2.3 Can They Co-Exist?
- v Despite the vast differences among the two analysis methods, it has brought substantial success to market participants who utilize both methods.
- v For example, Fundamental Analysts can use TA techniques to determine the optimal time to enter into an undervalued security. This is particularly beneficial when security is severely oversold. By timing entry into a security, the gains on the investment can be greatly improved.
- v For example, Technical traders can refer to fundamentals to backup a technical signal. Such as if a sell signal is given through technical patterns and indicators, a technical trader might look to reaffirm the decision by looking at some key fundamental data.
- v Often times, using both the FA and TA can help to provide the best-case scenario for a trade thorough better coverage and understanding.
3. The Use Of Trend
Definition of trends: "A general direction in which something tends to move" (dictionary.com). In our application, trend would be reflective of the general direction of where a security is heading.
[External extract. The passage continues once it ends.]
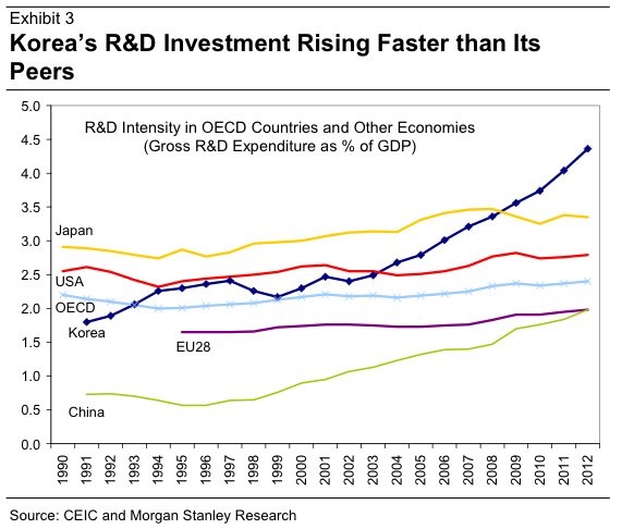 Ngân sách cho nghiên cứu và phát triển của Hàn Quốc tăng chóng mặt qua các năm (Đơn vị: % trên GDP)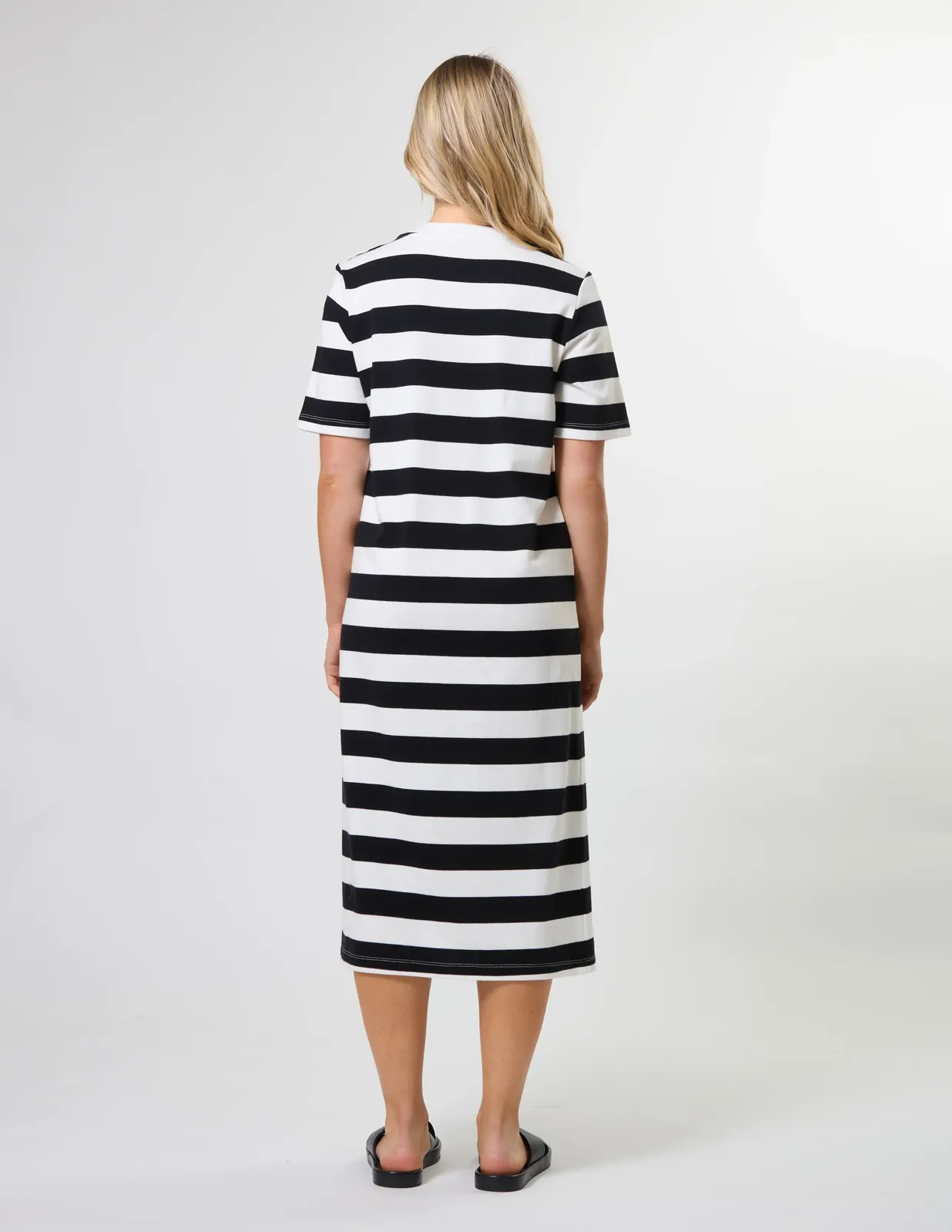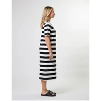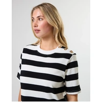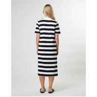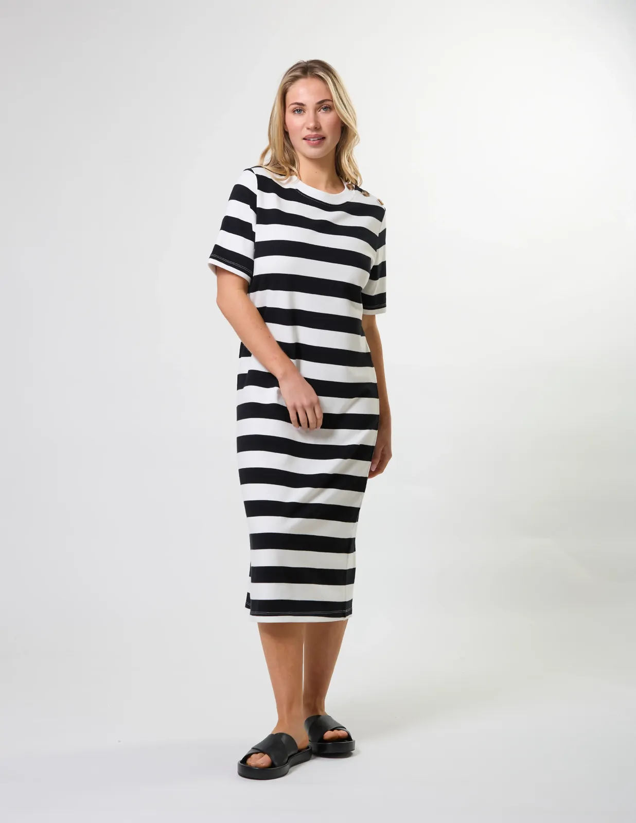 Midi length jersey knit striped t-shirt dress with novelty shoulder button fastening on one side

The following charts with provide a basic insight on what would a trend constitute:
Chart 1: Singapore Straits Times Index
Discussion:
The frame on the upper half, is indicative of the stock's prices compiled over the years from 2003 to 2007. As seen in Chart 1, the overall trend is upwards going. The bottom frame reflects the frequency and intensity of the fluctuation in volume of the STI. Overall, the direction of this security is clear.
Chart 2: Singapore Straits Time Index
Discussion:
This chart presents captures a shorter time frame (May - Aug 2007) of the stock price movements. As seen in the chart, there are numerous ups and downs within this short frame of time, making it a very unstable stock at present. Thus at present, there isn't a clear indication of which direction this security is headed.
3.1 A More Formal Definition
Unfortunately, trends are not always easy to see. Defining a trend goes well beyond the obvious. In any given chart, prices tend not to move in a straight line in any direction, but rather in a series of highs and lows.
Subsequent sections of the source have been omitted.